On St. Andrew's Day in 1857 the group held a 200th anniversary supper at the Revere House hotel. The society's "president was escorted from his residence by the members of the society, some of whom, with himself, were dressed in the Highland costume. They were preceded by pipers, who played national airs. The meeting was most enthusiastic, and the president gave an excellent speech." "Addresses were made by Mr. Henry Grattan, H.B.M. Consul; Sir Charles Fox, builder of the Crystal Palace, London; J.D. Andrews, Esq.; Charles W. Story, Esq; Messrs. John C. Crowley, President of the Irish Charitable Society; James Cruickshanks, and others. Poems were read by Dr. William Wallace Morland and Jeffrey Brackett, Esq.; and national songs sung by various members of the Society and of the Caledonia Club. Letters were read by the Secretary from the Hon. Robert C. Winthrop, Samuel A. Eliot, Esq., and Dr. Holmes, regretting that they could not be present, and expressing sentiments of the warmest interest towards this the oldest of Charitable Societies in the States. After singing 'Auld Lang Syne' and dancing 'Ronald McDonald' the meeting adjourned."

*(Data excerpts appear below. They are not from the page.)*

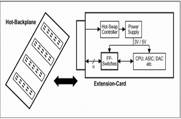 除了一些典型應(yīng)用以外,例如在ATE和工業(yè)設(shè)備中作為模擬輸入的保護(hù),這些低電壓、故障保護(hù)型開(kāi)關(guān)還可以在很多其他應(yīng)用中用來(lái)簡(jiǎn)化設(shè)計(jì)和解決板上空間不足的問(wèn)題。舉例來(lái)講,為了避免切斷整個(gè)設(shè)備機(jī)箱的電源,許多應(yīng)用要求能夠向一個(gè)帶電的底板插入擴(kuò)展卡。盡管可以用MAX4271這樣的熱插拔控制器來(lái)限制卡上的浪涌電流,但其信號(hào)線的保護(hù)并不容易。當(dāng)你將板卡插入底板時(shí),底板的數(shù)據(jù)總線采用5V TTL電平進(jìn)行通信,這時(shí)卡上的數(shù)字IC (微控制器,ASIC等)就有可能在5V電源接通前在其輸入端“看到”5V電壓。前面已經(jīng)提到,這種情況會(huì)導(dǎo)致鎖定或板卡損壞。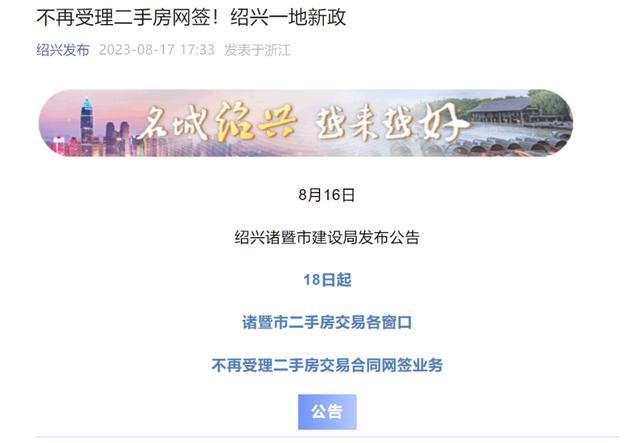 浙江一地公告:不再受理二手房网签业务,工作人员回应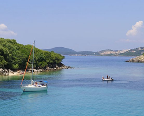Het enige bewoonde eiland van een kleine groep eilandjes in de Ambracische Golf. Een dorp dat als schiereiland verbonden is aan het vaste land.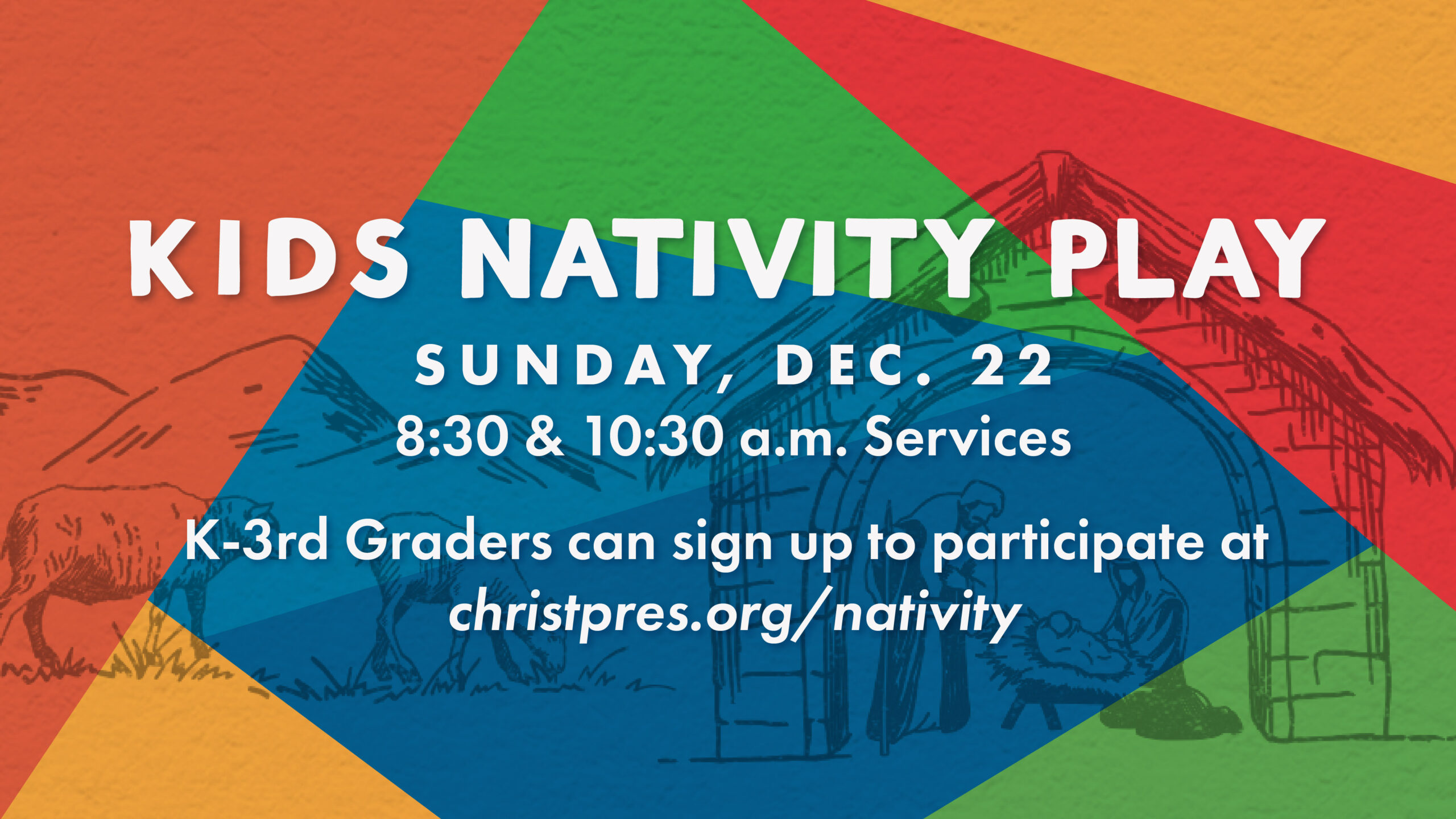Christ Presbyterian Church - Cool Springs 325 Seaboard Ln, Suite 100, Franklin, TNWe are having a simple and fun Nativity Play! For Kindergarten through 3rd grade, performing on Sunday, December 22nd at the 8:30 am and 10:30 am services. Rehearsals will be December 8th and 15th in between services from 9:45-10:15 a.m. Sign up to participate here.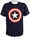 Navy shirt with Captain America symbol, 100% cotton, front image. Standard men's size tee;Large front print design;Features Captain America's shield logo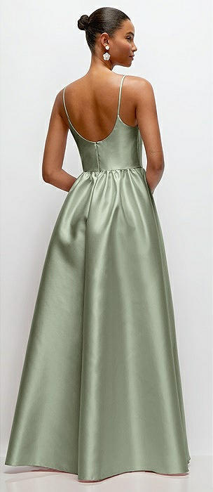 Scoop Neck Drop Basque Skirt Satin Maxi Dress with Pockets in sage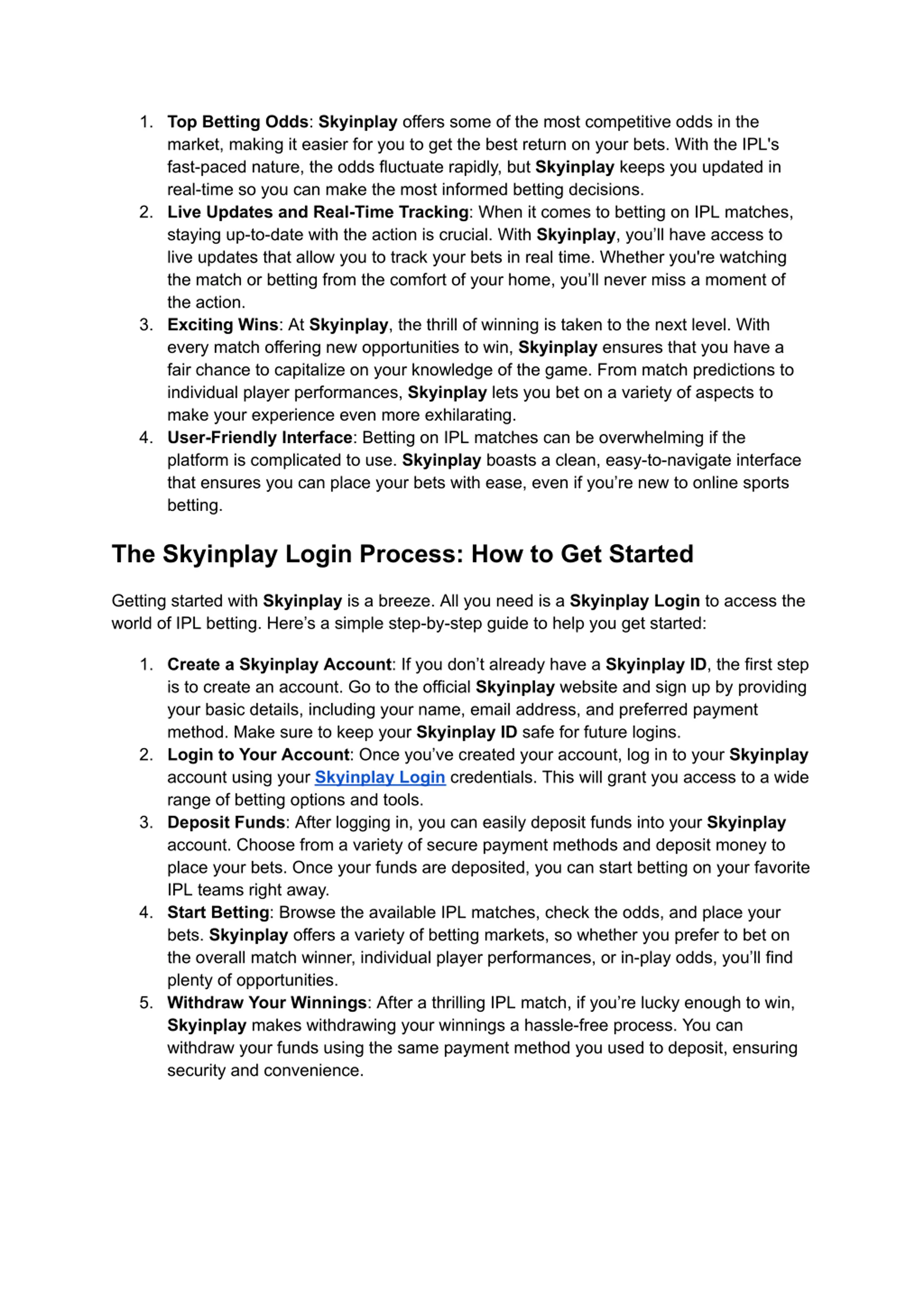1. Top Betting Odds: Skyinplay offers some of the most competitive odds in the market, making it easier for you to get the best return on your bets. With the IPL's fast-paced nature, the odds fluctuate rapidly, but Skyinplay keeps you updated in real-time so you can make the most informed betting decisions. 2. Live Updates and Real-Time Tracking: When it comes to betting on IPL matches, staying up-to-date with the action is crucial. With Skyinplay, you ll have access to live updates that allow you to track your bets in real time. Whether you're watching the match or betting from the comfort of your home, you ll never miss a moment of the action. 3. Exciting Wins: At Skyinplay, the thrill of winning is taken to the next level. With every match offering new opportunities to win, Skyinplay ensures that you have a fair chance to capitalize on your knowledge of the game. From match predictions to individual player performances, Skyinplay lets you bet on a variety of aspects to make your experience even more exhilarating. 4. User-Friendly Interface: Betting on IPL matches can be overwhelming if the platform is complicated to use. Skyinplay boasts a clean, easy-to-navigate interface that ensures you can place your bets with ease, even if you re new to online sports betting. The Skyinplay Login Process: How to Get Started Getting started with Skyinplay is a breeze. All you need is a Skyinplay Login to access the world of IPL betting. Here s a simple step-by-step guide to help you get started: 1. Create a Skyinplay Account: If you don t already have a Skyinplay ID, the first step is to create an account. Go to the official Skyinplay website and sign up by providing your basic details, including your name, email address, and preferred payment method. Make sure to keep your Skyinplay ID safe for future logins. 2. Login to Your Account: Once you ve created your account, log in to your Skyinplay account using your Skyinplay Login credentials. This will grant you access to a wide range of betting options and tools. 3. Deposit Funds: After logging in, you can easily deposit funds into your Skyinplay account. Choose from a variety of secure payment methods and deposit money to place your bets. Once your funds are deposited, you can start betting on your favorite IPL teams right away. 4. Start Betting: Browse the available IPL matches, check the odds, and place your bets. Skyinplay offers a variety of betting markets, so whether you prefer to bet on the overall match winner, individual player performances, or in-play odds, you ll find plenty of opportunities. 5. Withdraw Your Winnings: After a thrilling IPL match, if you re lucky enough to win, Skyinplay makes withdrawing your winnings a hassle-free process. You can withdraw your funds using the same payment method you used to deposit, ensuring security and convenience.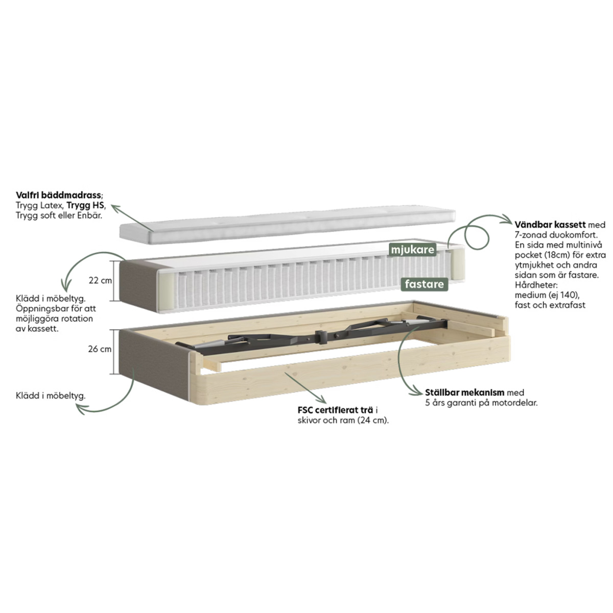 Välj mellan medium, fast och extra fast liggkomfort.
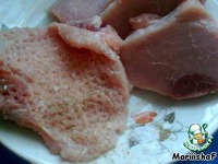Мясо нарезать порционно, отбить, посолить и поперчить. |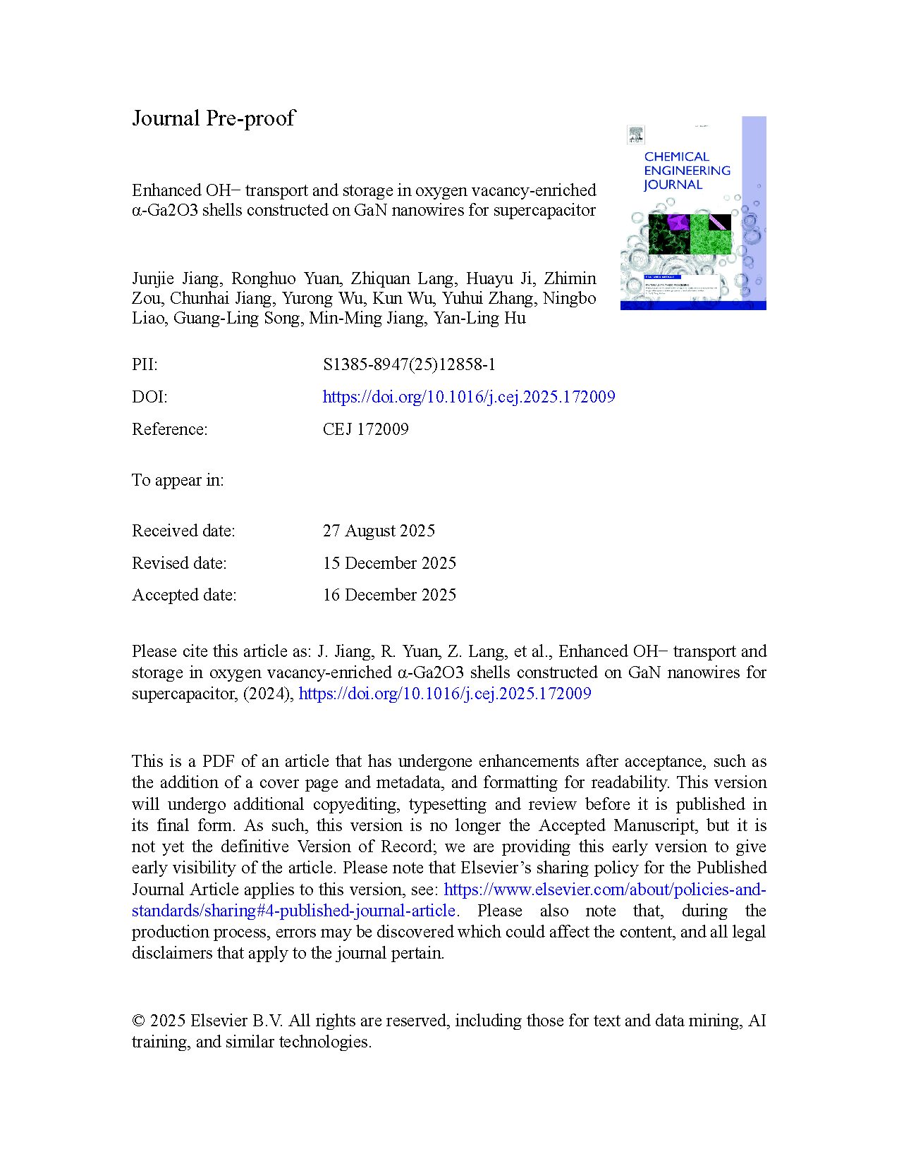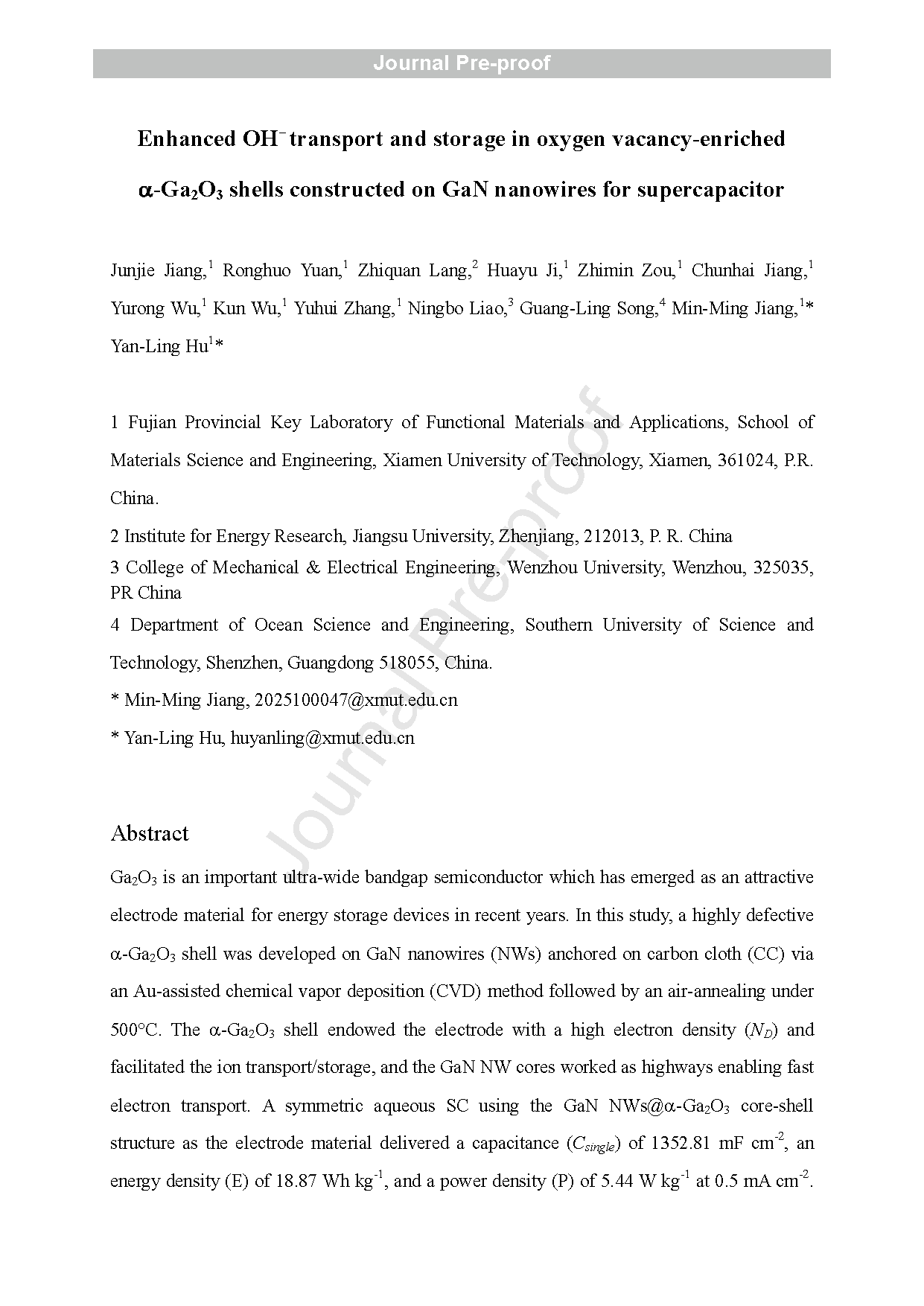 由厦门理工学院的研究团队在学术期刊 Chemical Engineering Journal 发布了一篇名为 Enhanced OH− transport and storage in oxygen vacancy-enriched α-Ga2O3 shells constructed on GaN nanowires for supercapacitor(在氮化镓纳米线表面构建富氧空位 α-Ga2O3壳层以增强 OH⁻ 传输与储存,用于超级电容器)的文章。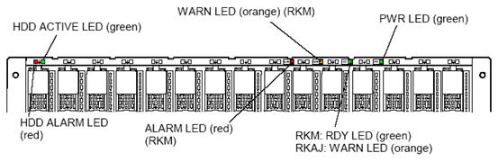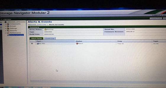 设备型号HDS AMS2500磁盘阵列前面板故障告警灯ALARM LED 红灯亮,同时设备后方的其中一个电源故障指示灯亮红灯。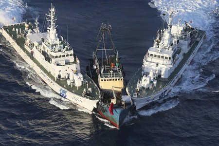 Tàu tuần duyên Nhật Bản chặn bắt tàu cá Trung Quốc. Ảnh wsj.com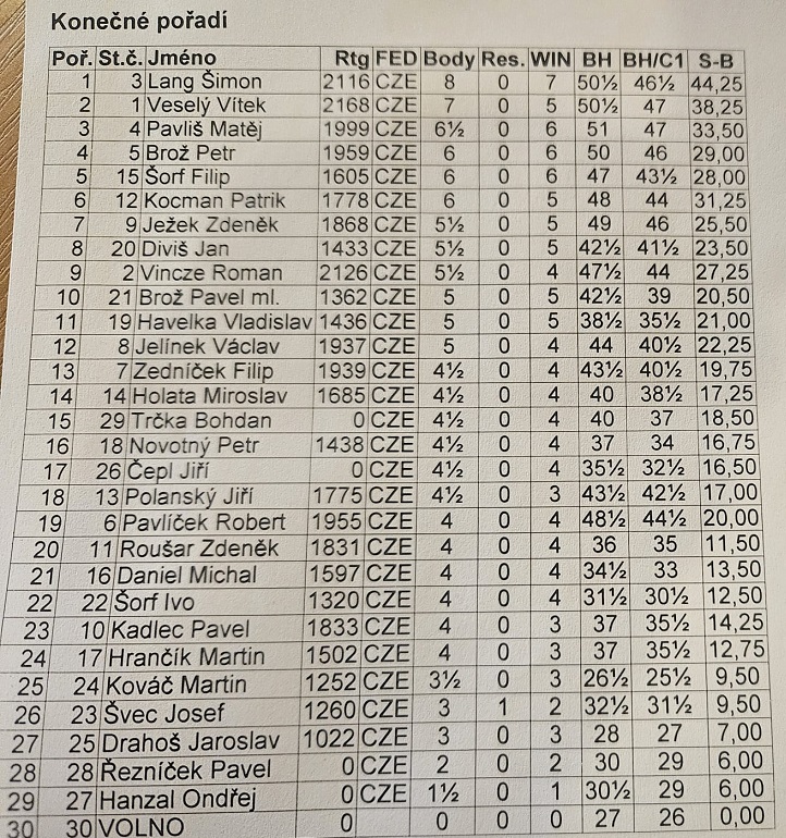 Vítěz Šimon Lang z ŠK Světlá nad Sázavou vybojoval osm bodů a potvrdil, že je velkým šachovým talentem. Na druhém místě skončil hlavní organizátor a nejlepší šachista ŠK Jiskra Havlíčkův Brod Vítek Veselý a na třetím další talent šachu Matěj Pavliš z Havlíčkova Brodu.

"St. Andrew's Home was established by the society at 73 West Concord Street, and opened in 1869. There, unfortunate Scotch are received and cared for until employment is found."

By 1889 "the amount expended by the Society in charity was about £300; 351 applicants had asked for assistance and 306 had been relieved; and during the year several of our countrymen, who had been unable to find employment and were without means, were forwarded to their old homes in Scotland." The society's "permanent fund" totalled some $16,225. It maintained the "Scots Temporary Home" (a shelter in Boston on Camden Street) and a plot in the Mount Auburn Cemetery.